Working Divorce: If You Have Children, Create a Relationship that Works


By CARL PICKHARDT

    Divorced parents need to “remarry” around their shared commitment to the children’s welfare by creating a workable relationship for those children’s sake. Just because ex-spouses no longer have a loving relationship does not mean they cannot now create an amicable one. They can, and many do. The challenge for divorced partners with children is to create a working divorce, forging a partnership to support the care and growth of their children in whatever ways they can. What does a working divorce look like? Here are five components to consider, or five objectives to work for, if you so choose. 

1. Adequate communication.
Keep each other sufficiently informed about what is going on with the children when they are in your care, and deal with any disagreements in a non-evaluative and cooperative way. "In this instance, I disagree with what you want for the children, this is why, and this is what I think might work better instead. I would like for us to talk and work something out that we can both support." 
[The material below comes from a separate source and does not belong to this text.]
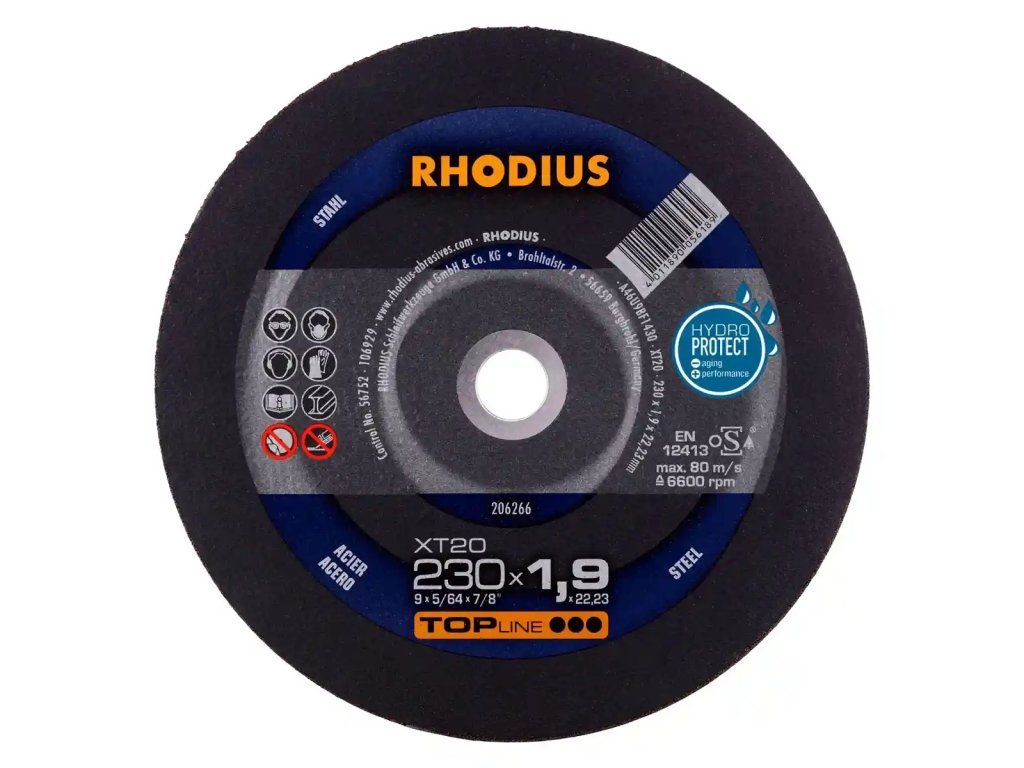 Es handelt sich hier um eine Scheibe in gerader Form (Form 41). Trennscheiben mit gerader Form ermöglichen eine größere Eintauchtiefe und somit auch mehr Schnitte. Die RHODIUS XT20 Scheiben in den Durchmessern 180 mm und 230 mm profitieren zudem von der hier eingesetzten RHODIUS EXTENDED Technologie für noch mehr Lebensdauer.

2. Emotional reconciliation.
Let go any unrequited feelings of love or hard feelings from past hurts so that both partners are emotionally free to move on joined only by the common caring they share for the children.
 
3. Social cooperation.
Keep parenting agreements so you both feel you can count on each other’s commitments to share responsibility for the children’s welfare and care, and still be flexible to make changes when unexpected parental or child need arises. 

4. Mutual support.
Create consistency of arrangements between households (like following a medication schedule or supervising homework for a child’s good) and back the other parent up with children around a disciplinary demand with which you agree, where the other parent can benefit from your support. 

5. Personal respect.
Do not expect or demand that the ex-spouse’s household be run in a similar fashion, with similar values, routines, and rules to your own. Unless child safety is at issue, accept the diversity between the two households as reflecting honorable (and usually increasing) lifestyle differences between the two parents. Why work toward these objectives? For the sake of your children. Just consider what it is like for children who live between parents who have a non-working divorce, as some parents unhappily do.